----- DATASET CONTENT -----

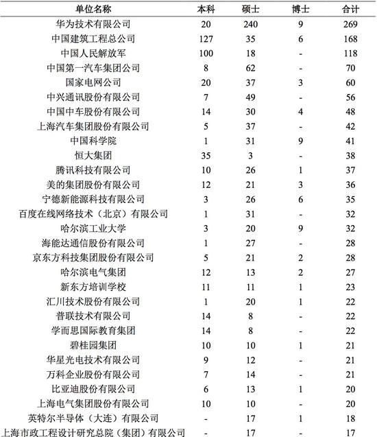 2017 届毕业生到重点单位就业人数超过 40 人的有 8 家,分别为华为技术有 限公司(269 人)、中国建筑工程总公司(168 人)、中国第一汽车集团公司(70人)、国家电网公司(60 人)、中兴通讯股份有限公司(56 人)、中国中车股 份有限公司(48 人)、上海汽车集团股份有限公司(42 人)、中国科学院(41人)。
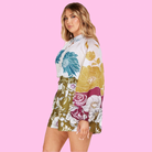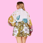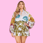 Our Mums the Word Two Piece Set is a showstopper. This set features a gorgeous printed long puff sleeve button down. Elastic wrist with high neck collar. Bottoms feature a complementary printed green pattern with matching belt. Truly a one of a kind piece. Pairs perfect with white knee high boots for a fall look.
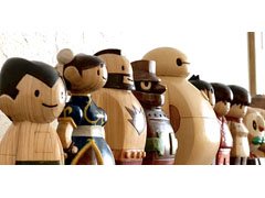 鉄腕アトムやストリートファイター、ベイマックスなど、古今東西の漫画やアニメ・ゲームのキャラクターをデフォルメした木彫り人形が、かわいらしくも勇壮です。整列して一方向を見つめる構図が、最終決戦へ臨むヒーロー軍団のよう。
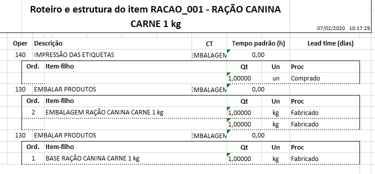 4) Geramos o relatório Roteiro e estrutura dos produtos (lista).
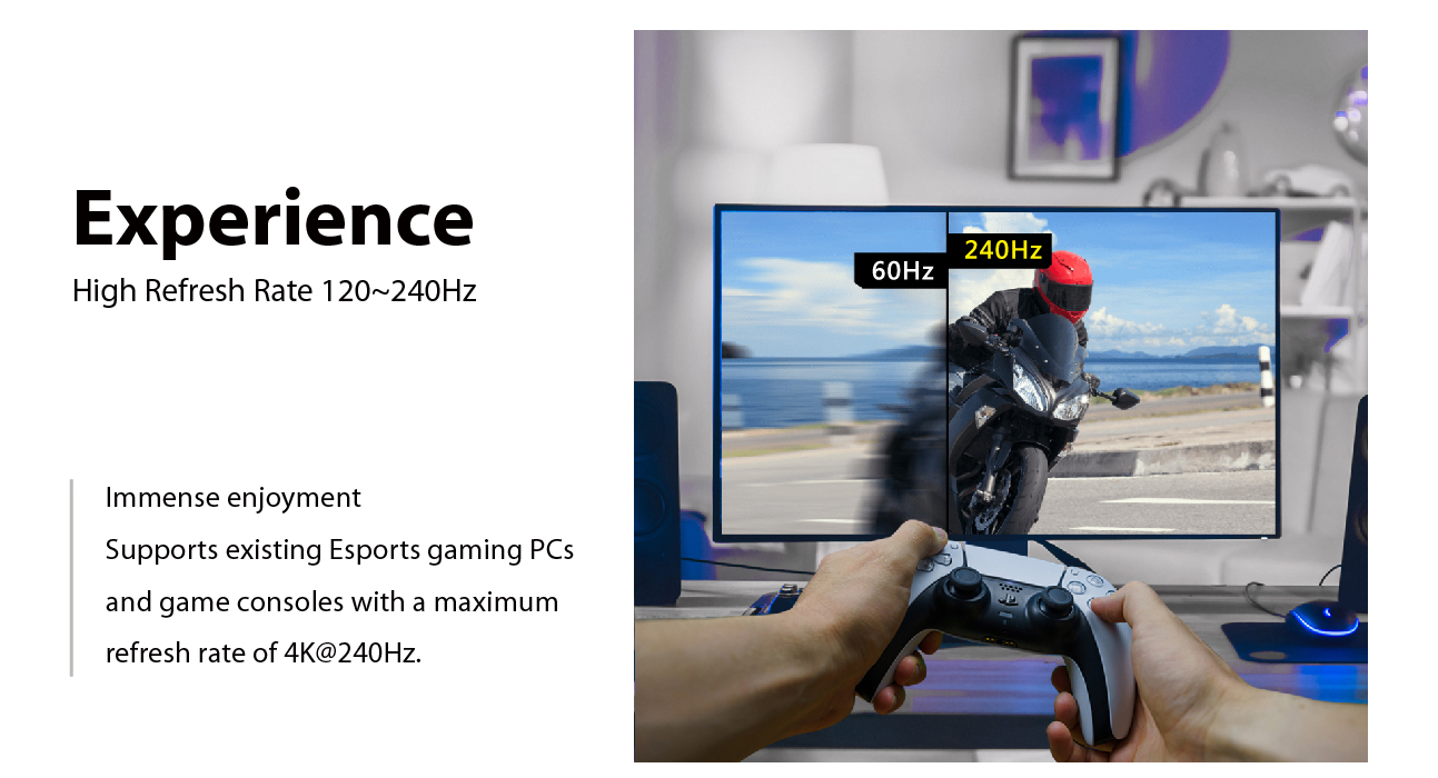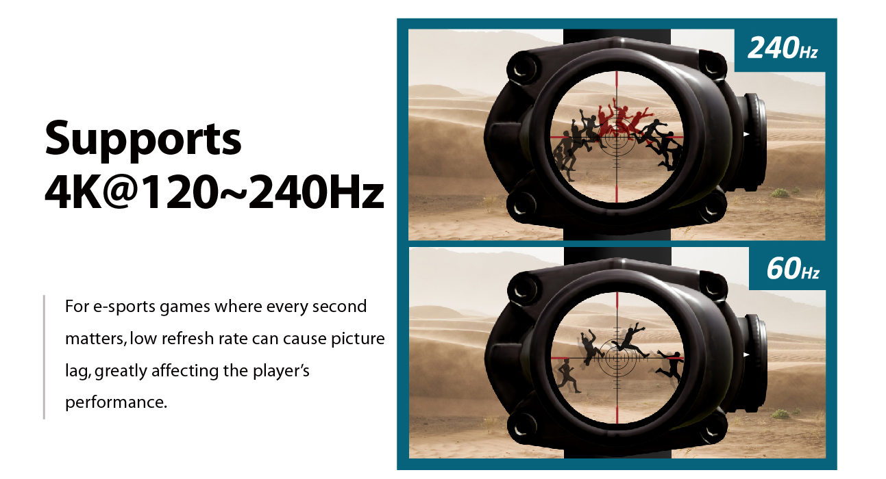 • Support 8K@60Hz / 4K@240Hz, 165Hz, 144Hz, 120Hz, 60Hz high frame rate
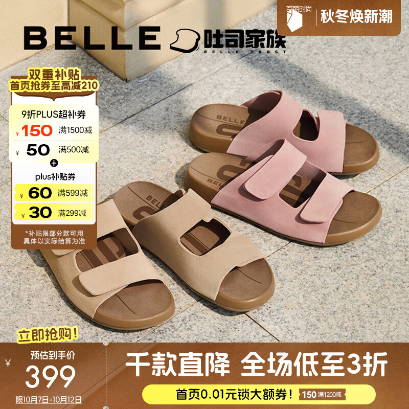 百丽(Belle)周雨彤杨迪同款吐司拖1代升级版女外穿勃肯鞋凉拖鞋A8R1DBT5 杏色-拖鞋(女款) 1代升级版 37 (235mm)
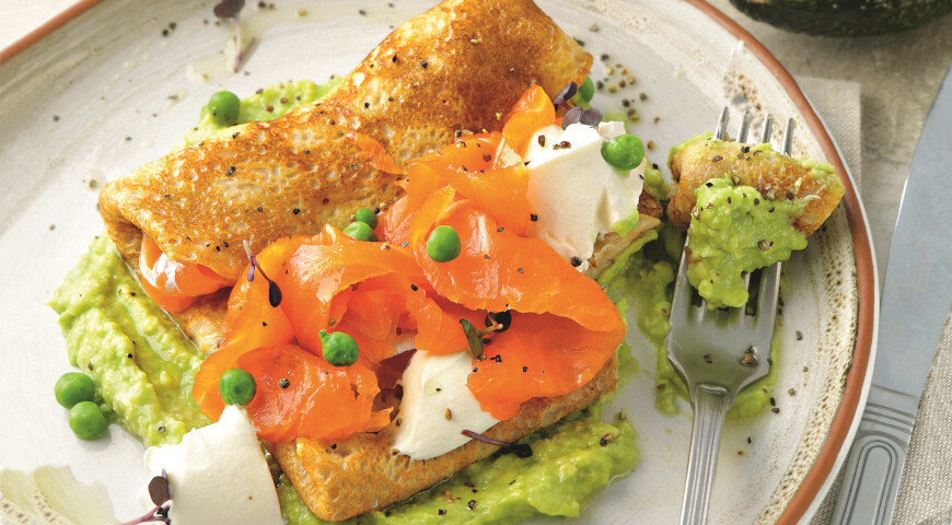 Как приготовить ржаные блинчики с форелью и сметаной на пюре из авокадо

-----

YOUR GOAL: Without the pictures, give every line of the data again, exactly as written.

RESULT OF THIS EXERCISE:
 2017 届毕业生到重点单位就业人数超过 40 人的有 8 家,分别为华为技术有 限公司(269 人)、中国建筑工程总公司(168 人)、中国第一汽车集团公司(70人)、国家电网公司(60 人)、中兴通讯股份有限公司(56 人)、中国中车股 份有限公司(48 人)、上海汽车集团股份有限公司(42 人)、中国科学院(41人)。
 Our Mums the Word Two Piece Set is a showstopper. This set features a gorgeous printed long puff sleeve button down. Elastic wrist with high neck collar. Bottoms feature a complementary printed green pattern with matching belt. Truly a one of a kind piece. Pairs perfect with white knee high boots for a fall look.
 鉄腕アトムやストリートファイター、ベイマックスなど、古今東西の漫画やアニメ・ゲームのキャラクターをデフォルメした木彫り人形が、かわいらしくも勇壮です。整列して一方向を見つめる構図が、最終決戦へ臨むヒーロー軍団のよう。
 4) Geramos o relatório Roteiro e estrutura dos produtos (lista).
 • Support 8K@60Hz / 4K@240Hz, 165Hz, 144Hz, 120Hz, 60Hz high frame rate
 百丽(Belle)周雨彤杨迪同款吐司拖1代升级版女外穿勃肯鞋凉拖鞋A8R1DBT5 杏色-拖鞋(女款) 1代升级版 37 (235mm)
 Как приготовить ржаные блинчики с форелью и сметаной на пюре из авокадо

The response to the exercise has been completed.